Google By The Bay
- Oli Dinov
- Aug 23, 2025
- 2 min read
Google’s relationship with the By The Bay community runs deep. Over the years, their engineers and researchers have brought some of the most practical talks to our stage—ranging from machine learning security to large-scale geospatial analysis and cloud infrastructure.
As we look ahead to AI By The Bay 2025, we’re once again joined by an exceptional speaker from Google: Mihai Maruseac.
This year, Mihai will speak on one of the most urgent challenges in the machine learning ecosystem: supply chain security, exploring how Google built model-signing infrastructure using Sigstore and deployed it across Kaggle. The result is a scalable solution for verifying models and preventing tampering—something the entire ML community will benefit from.
In 2023, Mihai delivered a talk titled “Model Transparency for AI/ML Security.” He addressed the growing risks at the intersection of rapid AI model releases and a 700% surge in supply chain attacks, highlighting real-world cases of compromised models. Mihai presented solutions inspired by traditional software practices—artifact signing, provenance generation, and software bills of materials—and introduced a model transparency toolkit, a key pillar of Google’s Secure AI Framework (SAIF), aimed at securing ML models across
frameworks and hubs.
Just a few years earlier, at Scale By The Bay 2019, Michael Entin delivered a talk that helped bridge the gap between traditional data engineering and geospatial analysis. His session was aimed at SQL engineers unfamiliar with GIS, offering a hands-on introduction to using Google BigQuery GIS. He showed how anyone comfortable with SQL could start asking location-based questions and unlock insights from spatial data without needing to become a GIS expert.

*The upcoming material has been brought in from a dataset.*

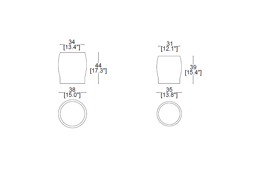 | Dimensiones | Ø 38 x H 44 cm; Ø 35 x H 39 cm. |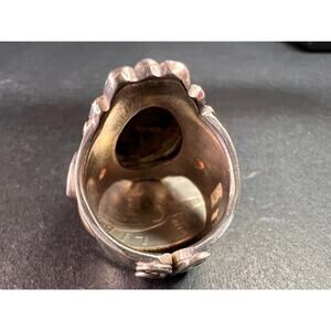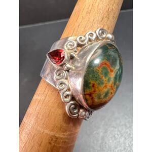 Signed Sajen ring in genuine beautiful bloodstone with two pear cut garnet gemstone accents set in authentic 925 sterling silver. Measures a size 6 and has a total weight of 13.84 grams.

Going further back, at Data By The Bay 2016, Google introduced us to the foundation of what would become BigQuery. The team walked us through the evolution of Dremel—an internal system developed to simplify large-scale data analysis—which eventually became BigQuery, one of the first fully managed cloud data warehouses. The talk showcased how Google separated compute and storage, built for speed and scale, and let engineers focus on insights instead of infrastructure. What was once an internal tool is now a cornerstone of modern data engineering.
What’s Google Focused on Now?
Google is doubling down on its AI-first mission, embedding advanced models like Gemini 2.x across products—from Search to Workspace. Search is evolving into a conversational assistant powered by real-time, multi-threaded query analysis, while projects like Astra aim to deliver multimodal AI across devices, including AR glasses.
At the infrastructure level, Google is scaling TPUs (Trillium), exploring quantum computing breakthroughs, and expanding AI in health, education, and sustainability. With 2025 shaping up as a defining year, Google’s focus is clear: build AI tools that are useful, grounded, and trustworthy.